What is required -
Print the whole listing exactly as it appears, but skip the pictures.

Information shown -
--
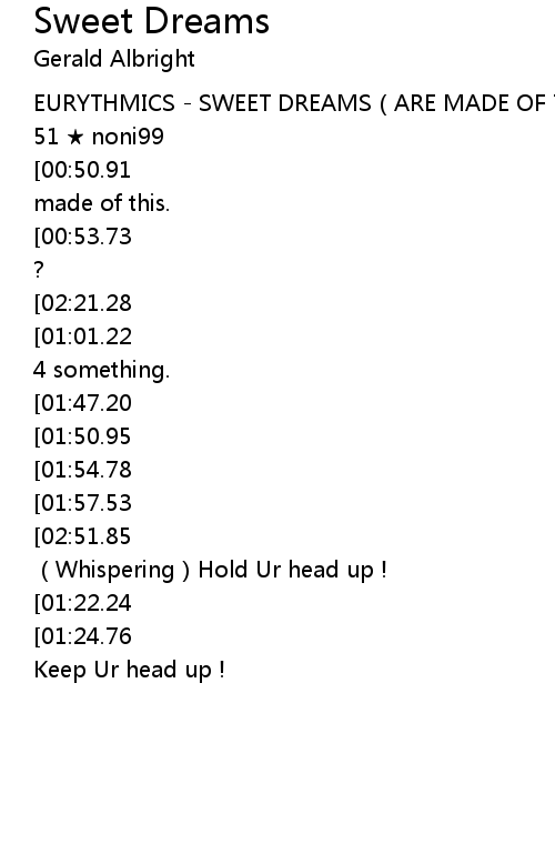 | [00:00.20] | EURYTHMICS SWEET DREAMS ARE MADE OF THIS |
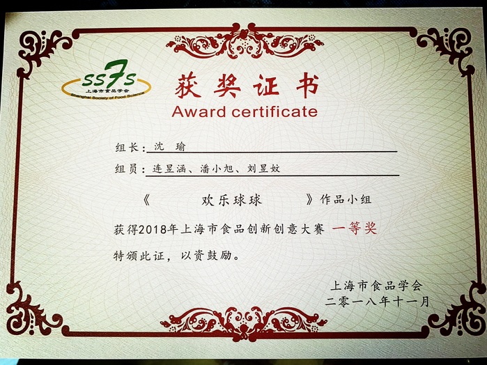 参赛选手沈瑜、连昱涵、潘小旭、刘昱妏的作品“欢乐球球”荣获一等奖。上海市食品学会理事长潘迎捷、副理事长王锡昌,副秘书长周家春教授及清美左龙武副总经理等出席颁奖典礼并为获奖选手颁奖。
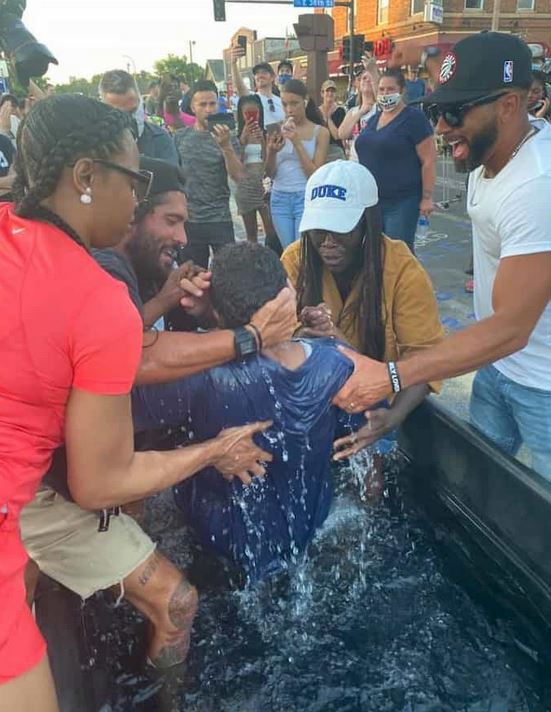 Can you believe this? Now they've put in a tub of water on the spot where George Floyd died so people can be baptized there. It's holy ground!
--
Response to this exercise -
 | [00:00.20] | EURYTHMICS SWEET DREAMS ARE MADE OF THIS |
 参赛选手沈瑜、连昱涵、潘小旭、刘昱妏的作品“欢乐球球”荣获一等奖。上海市食品学会理事长潘迎捷、副理事长王锡昌,副秘书长周家春教授及清美左龙武副总经理等出席颁奖典礼并为获奖选手颁奖。
 Can you believe this? Now they've put in a tub of water on the spot where George Floyd died so people can be baptized there. It's holy ground!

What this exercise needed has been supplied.